__Input data__
"""

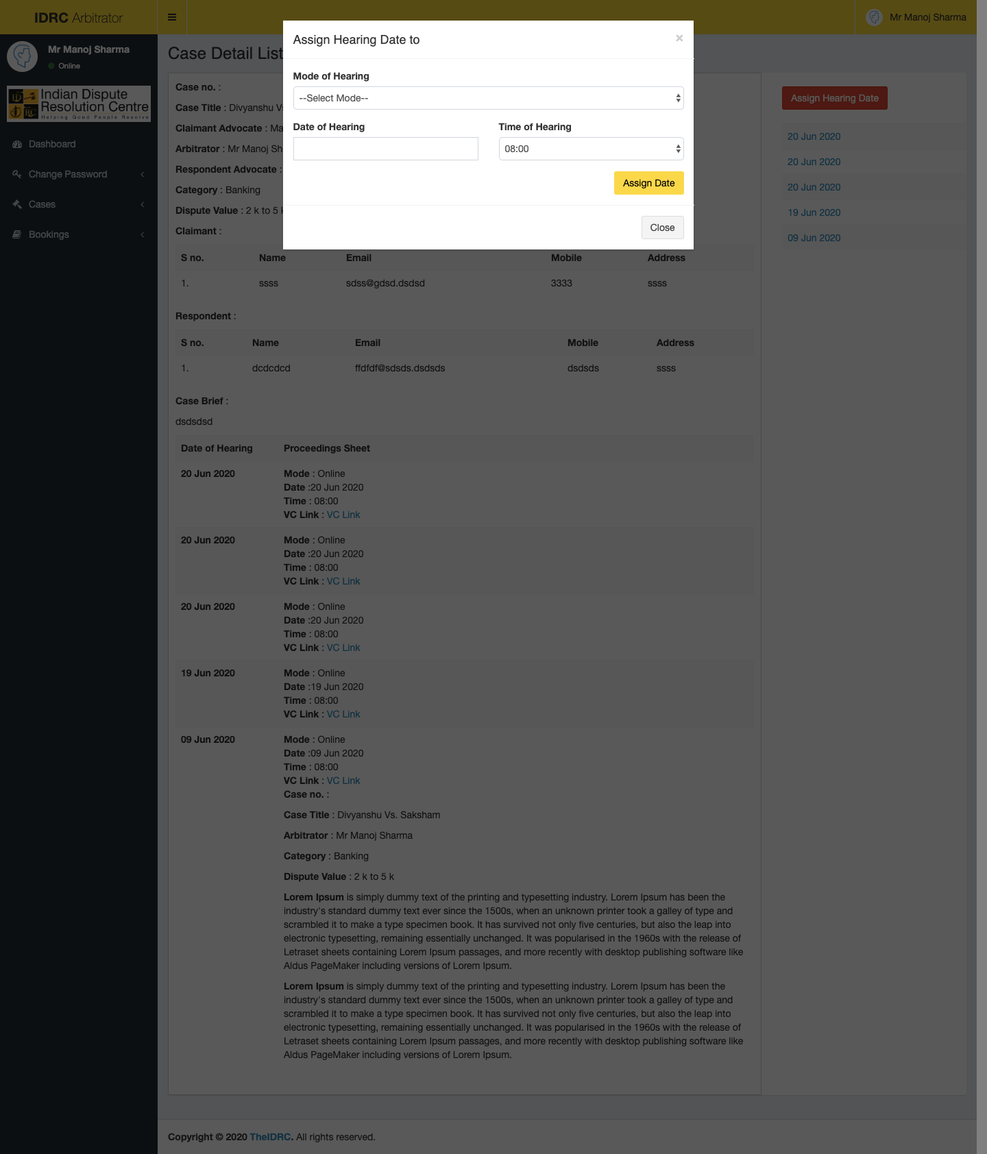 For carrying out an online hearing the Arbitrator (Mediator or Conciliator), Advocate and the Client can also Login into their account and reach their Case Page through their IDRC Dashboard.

"""
"""

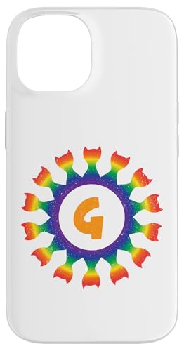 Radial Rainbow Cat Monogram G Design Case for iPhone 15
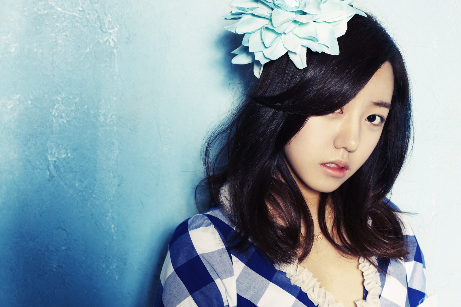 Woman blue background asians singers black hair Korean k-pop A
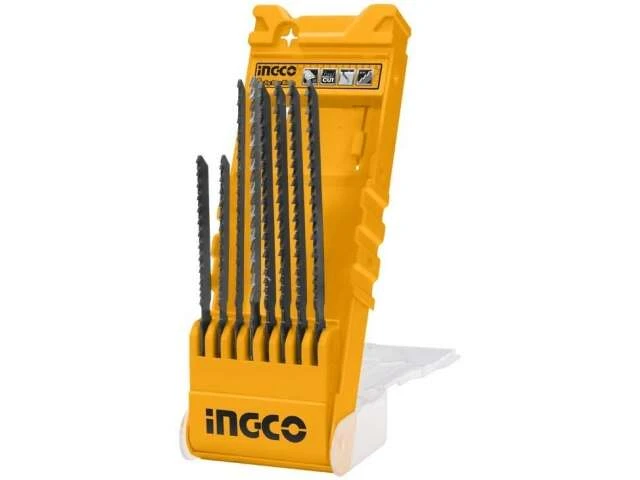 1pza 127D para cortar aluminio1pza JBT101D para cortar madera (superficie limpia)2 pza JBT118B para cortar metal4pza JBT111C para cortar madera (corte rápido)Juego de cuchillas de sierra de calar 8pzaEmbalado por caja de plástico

"""

__Task__
Although pictures appear among the records above, none are to be output; print exactly the lines from the line containing "Radial Rainbow Cat" through the line containing "1pza 127D para".

__Response area__
 Radial Rainbow Cat Monogram G Design Case for iPhone 15
 Woman blue background asians singers black hair Korean k-pop A
 1pza 127D para cortar aluminio1pza JBT101D para cortar madera (superficie limpia)2 pza JBT118B para cortar metal4pza JBT111C para cortar madera (corte rápido)Juego de cuchillas de sierra de calar 8pzaEmbalado por caja de plástico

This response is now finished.